Understand your Mortgage
The biggest purchase most of us will ever make is our home. While you are spending money to make the initial purchase, within a matter of months you can begin to leverage your home and manage its value with improvements, equity and so on. A common question among many people is: How do I refinance my mortgage?
For many, a second mortgage on the home is a way to send children to college while others use the equity that builds with the years to make those additions or remodeling they have always wanted. Many homeowners, however, are overwhelmed by the financial intricacies of buying, owning and managing the value of their home and do not use it to the fullest extent that they can.
Really, the processes involved are quite basic, and you can make things even easier on yourself by steering clear of some common pitfalls along the way. In the mortgage process, there are a few common mistakes or miscues that future homeowners make that can really throw a wrench into your plans. While the entire process may leave you slightly bewildered, you can at least make it easier by following a few of our basic guidelines.

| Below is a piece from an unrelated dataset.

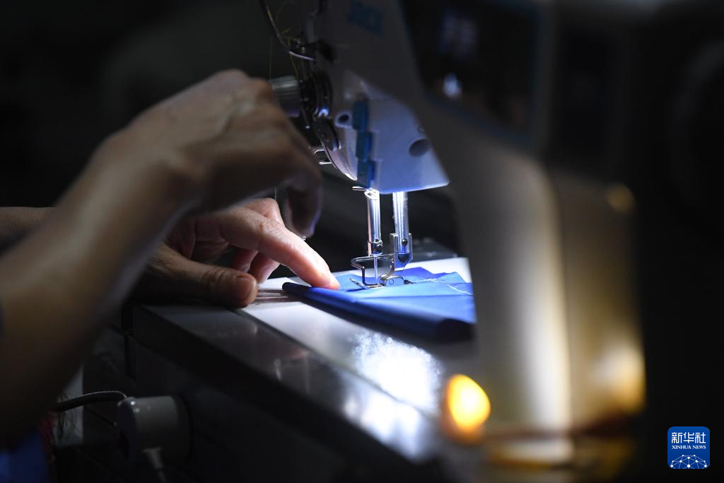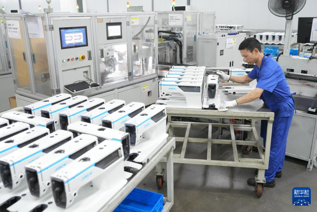 7月17日,在杰克科技股份有限公司臺州灣工廠,工人對智能縫紉機進行出廠前的性能測試。

While most of us will have some degree of debt when we apply for our mortgage, it should be manageable and within your means. If it isn’t, you will not be approved for the mortgage. This is no mystery. However, when you are beginning, in the middle of, or ending the mortgage process, you should take any measure necessary to ensure your financial situation remains stable or constant at the least. Being pre-approved for a loan is great, but if you go out and tack on some new debt like a new car or even a stereo that will require some sort of monthly payment, you are asking for some serious trouble. You see, your loan pre-approval was based on a particular level of income and then compared to your expenditures. Make a change in that equation and you are taking an unnecessary risk.
Chances are, you will not get a mortgage approved if you are not working or if you do not have a steady income. Having said that, you may also endanger your chances of getting a mortgage by making any change in your employment status, even a new job that pays you more money. The lender is looking for a solid employment history along with annual income to help make a decision about your loan. Change any of these factors and you will likely have to go through the approval process again. If you anticipate a job change at any time during your mortgage process, it is a good idea to be up front about the potential of the move and when you anticipate it may take place. You by no means have to stay in a job that you don’t like or pass on a good opportunity during the mortgage process, but you do need to ensure you are clean with your lenders.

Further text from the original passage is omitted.